The ACLU LGBT Project recently got a great decision (PDF) on a transgender rights issue from a federal court in Wisconsin. The result and the reasoning are a welcome sign that courts are starting to take transgender rights more seriously, and all the more heartening since the case arises in a prison context.

Prison doctors in Wisconsin, as in some other state prison systems, have for some time provided hormone therapy for some transgender prisoners, since hormones are part of the accepted medical treatment for many transgender people. Back in 2005, after the Wisconsin legislature got wind of this practice, it passed the "Inmate Sex Change Prevention Act," which barred state prisons from providing hormone therapy or sex reassignment surgery to transgender prisoners. The new law over-rode the medical judgment of prison doctors and cut off hormone treatment. The ACLU, in partnership with Lambda Legal, sued immediately, securing a preliminary ruling that any prisoners already on hormone therapy could continue their treatments. Senior Staff Attorney John Knight, along with ACLU of Wisconsin Legal Director Larry Dupuis and lawyers from Lambda Legal, tried the case in the fall of 2007.

It took a few years to get a decision, but it was worth the wait. The federal trial court struck the statute down on two separate constitutional bases. First, the court held that the law violated the Eighth Amendment’s ban on cruel and unusual punishment of prisoners. The Eighth Amendment does not require first-rate medical care for prisoners, but it does require prisons to provide adequate medical care based on the individual needs of each prisoner. But as the court recognized here, the Wisconsin law actually prevents prison doctors from prescribing care that is medically necessary for some prisoners. Prison doctors, rather than Wisconsin’s legislators, should be deciding what care the state’s prisoners need.
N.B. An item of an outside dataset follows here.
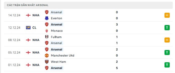 Bảng bóng đá trận đấu Arsenal vs Crystal Palace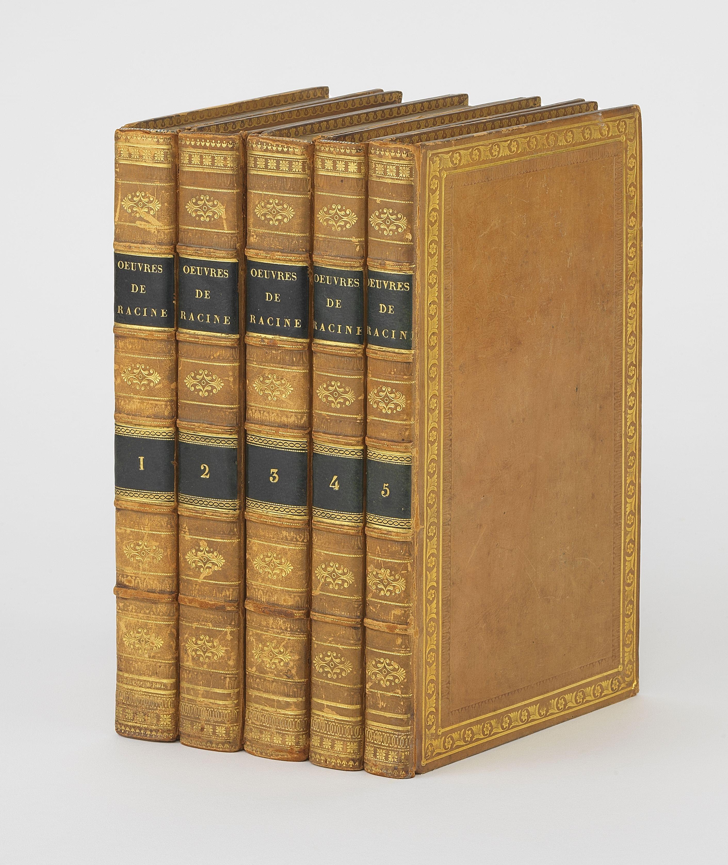 Cinq volumes in 8°, veau blond, dos à nerfs ornés, pièces de titre et de tomaison en veau noir, roulette poussée sur les plats, tranches dorées. Reliure de SIMIER, relieur du Roi. Belle édition, fort bien reliée, chacune des pièces est ornée d’un beau front. gravé d’après les dessins de Moreau le Jeune. De la Bibliothèque du duc de Nemours, fils du roi Louis-Philippe (charnières frottées).

The Eighth Amendment decision adds to a small but growing body of law recognizing that transition-related health care is medically necessary and that policies banning these treatments are unconstitutional.

We also argued that the law violated the Equal Protection Clause because it treated transgender prisoners differently for no logical reason. The state’s asserted reason for the ban on hormone therapy was that cutting transgender women prisoners off from hormones would decrease their feminine appearance and therefore decrease the risk of sexual assault by other prisoners. Although it is all too common for prisons to fail in their duty to protect transgender prisoners from violence and abuse, it was startling to see the government argue that it needed to deny necessary medical care in order to "protect" these prisoners. Courts that were uncomfortable with transgender people might have accepted that explanation as sufficient under the very deferential standard courts usually use for evaluating prison rules under the Constitution. But here the court focused on the fact that the state’s own prison security expert admitted that it was "an incredible stretch" to think that preventing some transgender prisoners from getting hormones would prevent future sexual assaults. He explained that hormone therapy "may or may not . . . have something to do with physical appearance," which is just "one of many ingredients that may contribute to something that supports sexual attraction from one inmate to another which may or may not arise in the form of sexual assault."

Such a clear-headed, logical, fact-based approach to the issue is a sign of the power of the Equal Protection Clause to expose bias in government. That courts are now able to get past the discomfort that many people feel about transgender people and apply such clear, dispassionate logic gives me great hope for the future and for other contexts in which transgender people are treated unfairly.